*** Opening Exercise data ***

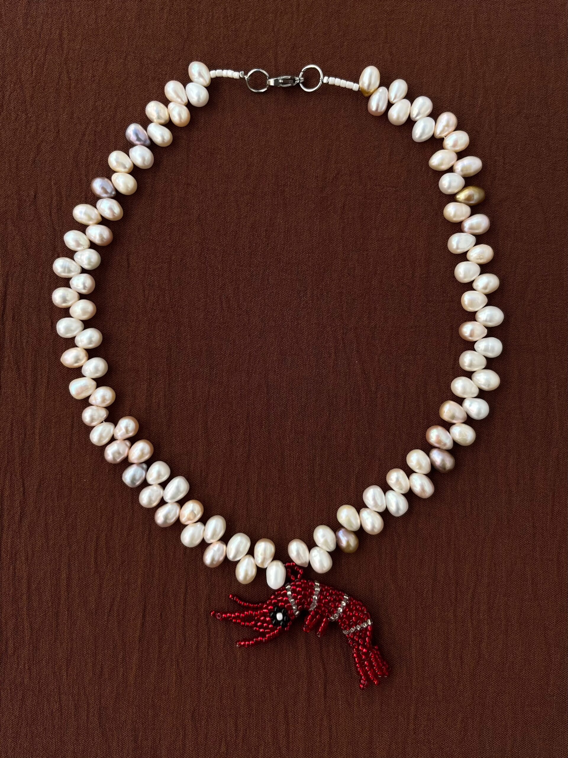 Collar de perlas de río naturales y dije de langostino (5 cm) de mostacillas hecho a mano 🙂 44 cm de largo. Gancho de acero quirúrgico.
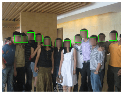 في هذا المثال، تم اكتشاف 12 وجهًا في الصورة وتم تمويهها بنجاح.
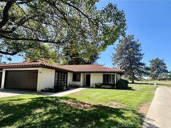 This stunning, move-in-ready home in the highly desirable 55+ Seven Hills Golf Resort showcases panoramic golf course views from nearly every room and offers easy access to the pool and spa, Diamond Valley Lake, Temecula wine country, Palm Springs, snow-covered mountains, and the Idyllwild music scene—with San Diego, Los Angeles, and the Pacific Ocean just down the freeway. Featuring approximately 1,568 sq ft of living space, the home boasts beautiful hardwood flooring in the entry, hallways, and guest bathroom, freshly painted interiors with acoustic ceilings removed, three bedrooms, two bathrooms, and an oversized two-car garage with laundry area and French doors that open to the exterior—ideal for an office setup. The concrete driveway accommodates up to four vehicles, while the spacious living room offers cathedral ceilings and a gas log-burning fireplace. The kitchen is equipped with ample cabinetry, upgraded quartz countertops, gas cooktop, built-in oven and microwave, dishwasher, garbage disposal, and refrigerator, with corner windows above the sink framing serene golf course views. A formal dining room with lighted ceiling fan, sliding glass doors, and custom wood shutters opens to a covered back patio perfect for entertaining. The master suite includes a lighted ceiling fan, sliding glass doors with custom wood shutters, mirrored wardrobe closet doors, and a master bath with tile countertops, dual vanity sinks, and a step-in shower stall with handicap grab bar. Additional bedrooms include a guest room with wardrobe closet and ceiling fan, and a third bedroom with lighted ceiling fan and golf course views ideal as a den or office. The guest bathroom features a shower/tub combo, tile vanity, and hardwood flooring. With LOW TAXES and HOA FEES of approximately $330/month covering water, trash, exterior landscaping, pool, and spa, and close proximity to shopping, dining, medical facilities, and hospitals, this entertainer’s dream home offers the perfect opportunity to retire in style.

*** Closing Exercise data ***

_What to do:_
Without including any picture, repeat the data exactly.

_Answer for this exercise:_
 Collar de perlas de río naturales y dije de langostino (5 cm) de mostacillas hecho a mano 🙂 44 cm de largo. Gancho de acero quirúrgico.
 في هذا المثال، تم اكتشاف 12 وجهًا في الصورة وتم تمويهها بنجاح.
 This stunning, move-in-ready home in the highly desirable 55+ Seven Hills Golf Resort showcases panoramic golf course views from nearly every room and offers easy access to the pool and spa, Diamond Valley Lake, Temecula wine country, Palm Springs, snow-covered mountains, and the Idyllwild music scene—with San Diego, Los Angeles, and the Pacific Ocean just down the freeway. Featuring approximately 1,568 sq ft of living space, the home boasts beautiful hardwood flooring in the entry, hallways, and guest bathroom, freshly painted interiors with acoustic ceilings removed, three bedrooms, two bathrooms, and an oversized two-car garage with laundry area and French doors that open to the exterior—ideal for an office setup. The concrete driveway accommodates up to four vehicles, while the spacious living room offers cathedral ceilings and a gas log-burning fireplace. The kitchen is equipped with ample cabinetry, upgraded quartz countertops, gas cooktop, built-in oven and microwave, dishwasher, garbage disposal, and refrigerator, with corner windows above the sink framing serene golf course views. A formal dining room with lighted ceiling fan, sliding glass doors, and custom wood shutters opens to a covered back patio perfect for entertaining. The master suite includes a lighted ceiling fan, sliding glass doors with custom wood shutters, mirrored wardrobe closet doors, and a master bath with tile countertops, dual vanity sinks, and a step-in shower stall with handicap grab bar. Additional bedrooms include a guest room with wardrobe closet and ceiling fan, and a third bedroom with lighted ceiling fan and golf course views ideal as a den or office. The guest bathroom features a shower/tub combo, tile vanity, and hardwood flooring. With LOW TAXES and HOA FEES of approximately $330/month covering water, trash, exterior landscaping, pool, and spa, and close proximity to shopping, dining, medical facilities, and hospitals, this entertainer’s dream home offers the perfect opportunity to retire in style.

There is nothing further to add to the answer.